Although soft tissue sarcomas can be seen at different ages, they most commonly occur after the age of 40 and are slightly more common in men. However, rhabdomyosarcoma is more common in children under the age of 10, snovial sarcoma in young adults, and undifferentiated pleomorphic sarcoma in the elderly.

Symptoms

Patients with soft tissue sarcoma usually seek medical attention because of a recent rapid increase in the size of a slowly growing lump.

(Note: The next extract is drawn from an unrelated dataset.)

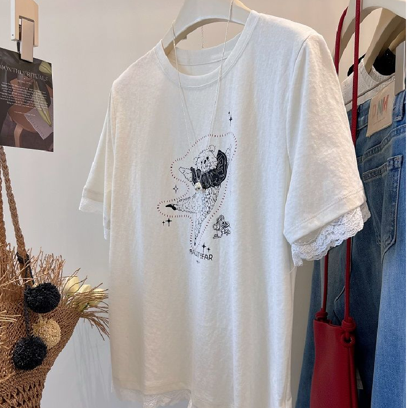 时尚简约跳舞小熊印花拼蕾丝花边短袖t恤女夏季凉爽舒适宽松上衣

The fact that the swelling has been present for many years and has not changed in size does not necessarily mean that it is benign. Pain in the area of the swelling is rarely present (snovial sarcoma, malignant nerve sheath tumor, etc.). The absence of pain may lead to the assumption that the tumor is benign and delay the diagnosis. Very large masses may cause vascular and nerve compression and may present with neurovascular findings (numbness, burning, weakness, etc.). Malignant soft tissue tumors are usually deeply localized and large in size, but being superficial and small does not necessarily mean that it is benign.

Diagnosis

Radiologic evaluation of patients with soft tissue sarcomas should begin with direct radiography (x-ray). The most commonly used imaging modality for soft tissue malignancies is contrast-enhanced magnetic resonance imaging (MRI). MRI provides information about size, borders, internal structure, proximity to major vessels and nerves, and surrounding edema. MRI is also used to evaluate response to adjuvant treatment (chemotherapy, radiation), plan surgery, and monitor recurrence after surgery.

Patients with soft tissue sarcoma are diagnosed with a biopsy after clinical and radiologic evaluation. The biopsy is often performed closed or rarely open with specialized needles. Because there are many different subtypes of malignant soft tissue tumors, it is important that the orthopedic surgeon performing the biopsy and the pathologist interpreting the biopsy have experience with bone and soft tissue tumors. The patient diagnosed with a malignant soft tissue tumor will be staged (examined) for the presence of metastasis (spread). PET-CT, CT scan and whole body MRI can be used for screening. These tumors usually metastasize via the hematogenous (blood) route, but some (synovial sacroma, epithelioid sarcoma, clear cell sarcoma, rhabdomyosarcoma, and angiosarcoma) metastasize via the lymphogenous (lymph) route. The most common site of metastasis is the lung.

Treatment

The primary treatment for soft tissue sarcomas is surgical removal of the tumor with wide margins. The tumor that is not cleanly removed with wide margins has a nearly one hundred percent recurrence rate and is prone to metastasis. For this reason, it is critical that the surgeon performing the surgery be an orthopedic oncologist with experience in this area.

Radiotherapy (radiation therapy) is used before or after surgery to facilitate surgery, to contain the tumor from adjacent vascular nerves, and to reduce recurrence. Although there are advantages and disadvantages to using radiation before or after surgery, there is no absolute superiority of one over the other. The most common side effect of radiotherapy is the risk of developing wound problems (infection, wound dehiscence, skin stiffness, etc.). Chemotherapy is not routinely used in the treatment of malignant soft tissue tumors. Chemotherapy is used especially in the presence of metastases, certain subtypes (rhabdomyosarcoma, synovial sarcoma, etc.), deep-seated and large tumors. Patients treated for malignant soft tissue tumors should be followed for many years at regular intervals for recurrence and metastases.